・トランプ氏の唯一の功績は中国の知的所有権問題に手を付けたことであろう。

中国はこれまでのように先端企業を呼び込んで合弁を作らせ技術をとる、スパイまがいでとる、ただ乗りをするなどの行為は今後許されなくなるということである。

途上国として大目に見られた知的所有権侵害が先進国並みに普通扱われるということである。

 

中国が米国のGDPを抜くことはありえないだろう。

習氏の経済政策は国有企業を強くすることで国際的競争力のある企業を育てようというものである。

市場経済の徹底と自由競争で企業を強くするという発想ではない。

国による過大な援助も貿易摩擦の火種である。

 

要するに中国のほかの国にはない強み(国家資本主義的手法)がすべて裏目になるということである。

中国企業の強みがそのまま弱みになるということである。

中国が法治国ではなく共産党の命令があればあらゆるデータも差し出さざるを得ない体質も貿易摩擦で問題となる。

 

国内的には民間の債務の大きさが火種になる。

不動産価格が本格的に下がれば大きな問題となる。中所得層以上の不満が高まるからである。

習氏への権力集中は責任を一身に負うというリスクを伴う。

 

中国の香港・台湾化が近い将来おこるのではないか。

Bトン効果

トランプスタッフにBが補佐官として加わった。

これが北朝鮮の変化の直接的原因であろう。

Bは主戦論者である。本気で攻撃を考えている。

 

北はまず中国を電撃的に訪れ、両国が一体である演出を行った。

2回も訪問した。異例のことである。

直接攻撃がありうると恐れ、攻撃の可能性を下げるためのなりふり構わぬ行為である。

また南北融和の演出も直接攻撃の可能性を下げるためである。

 

Bの求める核廃棄の条件。不可逆的かつ検証可能な核廃棄の条件を北が飲めるはずはない。飲めば金朝廷は内部崩壊するだろう。
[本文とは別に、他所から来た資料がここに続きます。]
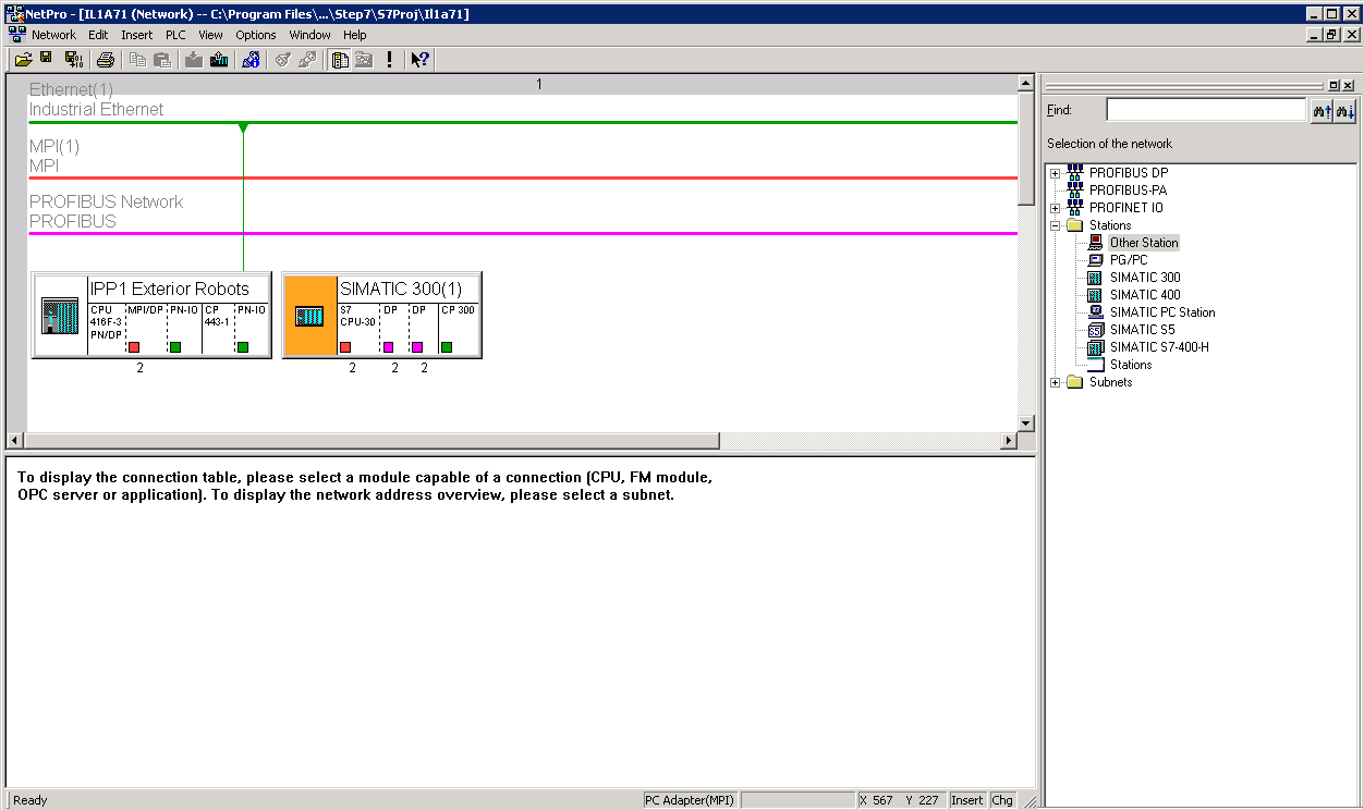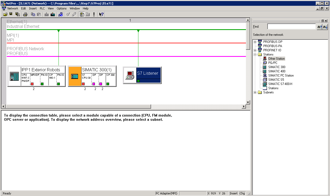 - Select the Ethernet item in the Subnet window that will provide the communications link between the S7 PLC and the node.

生き延びる方法は核廃棄の工程をだらだら伸ばしにして、かたう制裁を段階的解除を求めるjことである。

 

ポイントは米国大統領の態度である。

目先の選挙での小さな得点を優先するか、核廃棄を本気で迫るかという選択である。

流れからは前者のように見える。

まず選挙を乗り切って、そこからいろいろ考えようというスタンスではないかと推測する。

 

 

中国終わりの始まり

 

中国をめぐる重要要因

①習独裁体制が決まった

②社会主義市場経済の賞味期限が切れつつある。

・金融危機 100兆単位の膨大な借り入れ。しかも実態がつかめない。

・知的財産権について先進国が厳しく迫る。 ただ乗りはできない。目こぼし期間は過ぎて法規にもとずく普通の国扱い。

・国営企業の強化、民間重視の後退。

・中国モデル賞味期限

海外との合弁で技術を取り入れ、国の財政的、許認可情実援助で競争力をつける。

国内市場で位置を占め海外にも進出。

自由競争ではなく国の恣意的援助と膨大な国内需要で発展してきた。

③中国企業の海外進出は厳しくなる。

国からの有形無形の援助は公正な競争を妨げる。共産党の超法規的指導がある以上情報の安全性が担保されない。
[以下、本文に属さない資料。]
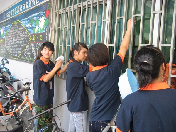 宣誓完畢后,學(xué)子們還自發(fā)的給老師辦公室進(jìn)行一次清掃,來表達(dá)我們對老師們的感謝之情。在音樂“感恩的心”的伴奏下,近百位學(xué)子手拿工具,對每個(gè)辦公室進(jìn)行一次認(rèn)真的打掃。此外,學(xué)院市場調(diào)研協(xié)會還連夜趕制了教師節(jié)海報(bào)、大型的簽字欄,同學(xué)們在上面寫下對老師的美好的祝愿。

結果IT関係の中国企業を自国から締め出すことができる。

④マルクス主義の基本原理に反する。

下部構造(経済)は上部構造(政治)を規定する。中期的には経済のあり方が政治の在り方を決めるということである。

中国の発展は市場経済の部分的導入の果実である。

市場経済は民主主義という政治制度を求める。

 

中国のさらなる発展は市場経済のさらなる拡大を前提とする。

共産党1党独裁は市場経済に矛盾する。

「経済発展→市場経済の拡大必要→民主主義の流れ」が基本的流れである。

共産党独裁、習独裁が市場経済の発展を阻害する。